Post Date:08/07/2019 10:00 AM

CHAPEL HILL PUBLIC LIBRARYThe State Library of North Carolina has announced that Chapel Hill Public Library (CHPL) has been awarded nearly $150,000 of competitive federal grant funds for a pair of projects. The first will allow the library to deploy an off-site library kiosk as a convenient, 24/7 alternative to a vehicular trip to the library. The second will create an online platform for local musicians to share their content and for library users to discover local music, past and present.

The off-site kiosk project aims at relieving the library’s most persistent problem: a chronic lack of parking. The grant, totaling $99,600, will fund a self-service station out in the community for users to pick up reserved items, a book return to accompany the station, and a vehicle to transport materials to and from the library.

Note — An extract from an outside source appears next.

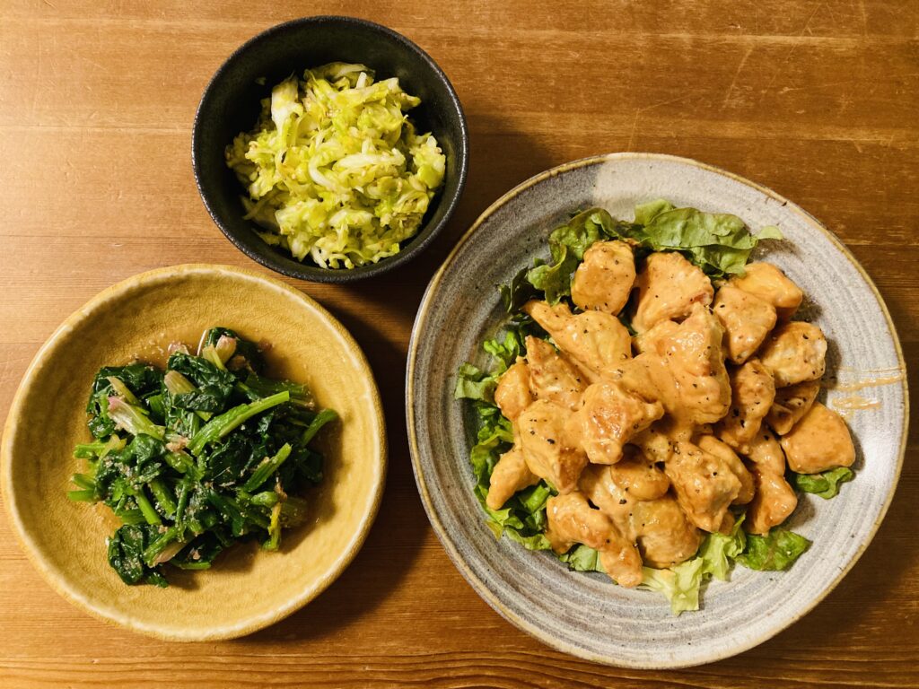 葉野菜多めの晩ごはん 家族が揃った日の大皿料理。 メインのおかずは鶏胸肉のオーロラソース和えです。 副菜はキャベツのナムルとほうれん草のゴマ和えです。 レタス、キャベツ、ほうれん草。 葉野菜が並び、緑色の食卓になりました・・・

By giving library users the option to pickup and return materials from a location out in the community, Library Systems Manager David Green says that the kiosk will significantly expand access to the library.  “Most days, our parking lots are at capacity, which is a barrier to access for library users from every demographic group. By creating a new location for what we call our 'grab and go' customers – people who come here to drop off and pick up items using our self-service options – we expect to free up as many as 60 parking spots per day. That’s a huge improvement for a facility that averages more than 1,700 daily visitors."

The second grant of $49,500 will allow CHPL to design and build an open source platform that lets local musicians share their music. Anyone will be able to stream the music and listeners with library cards will be able to download it. The digital hub will enable users to discover local content and allow local musicians to reach new audiences.

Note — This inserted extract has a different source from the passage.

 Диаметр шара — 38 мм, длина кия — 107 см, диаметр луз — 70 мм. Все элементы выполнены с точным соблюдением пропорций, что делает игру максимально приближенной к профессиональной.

Molly Luby, Special Projects Coordinator at Chapel Hill Public Library, says that this will create a local music collection that is quintessentially Chapel Hill. “First, we will work directly with local musicians to license albums and freely share their music. Second, we will partner with UNC-Chapel Hill to curate and make historical content such as concert posters, oral histories, and band biographies available.” Luby says there will be public programming associated with the project, including a concert series.

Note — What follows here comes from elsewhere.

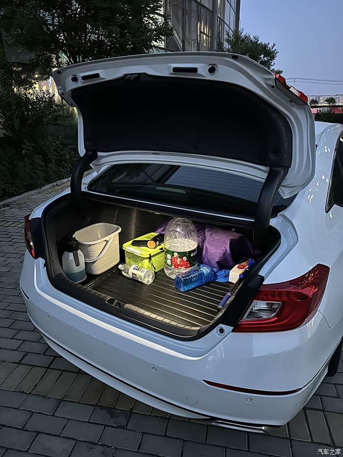 其次空间表现上,雅阁也做的不错。三厢车,车身的长宽高分别是4893/1862/1449mm,轴距2830mm,后排和后备箱都能有不错的表现空间。我的后备箱平时会放一个大的收纳箱(装擦车的一些工具),出行时还可以放下一个24寸的行李箱和一个20寸的登机箱。

CHPL Director Susan Brown adds that these projects, while funded through federal sources, are supported locally as well. “We are so thankful to our Friends of the Library for providing matching funds for both of these projects. They understand the impact and importance of these projects and were happy to offer additional support.”

Grant funds come from the Institute of Museum and Library Services under the provisions of the federal Library Services and Technology Act (LSTA) as administered by the State Library of North Carolina, a division of the Department of Natural and Cultural Resources (IMLS grant number LS-00-19-0034-19).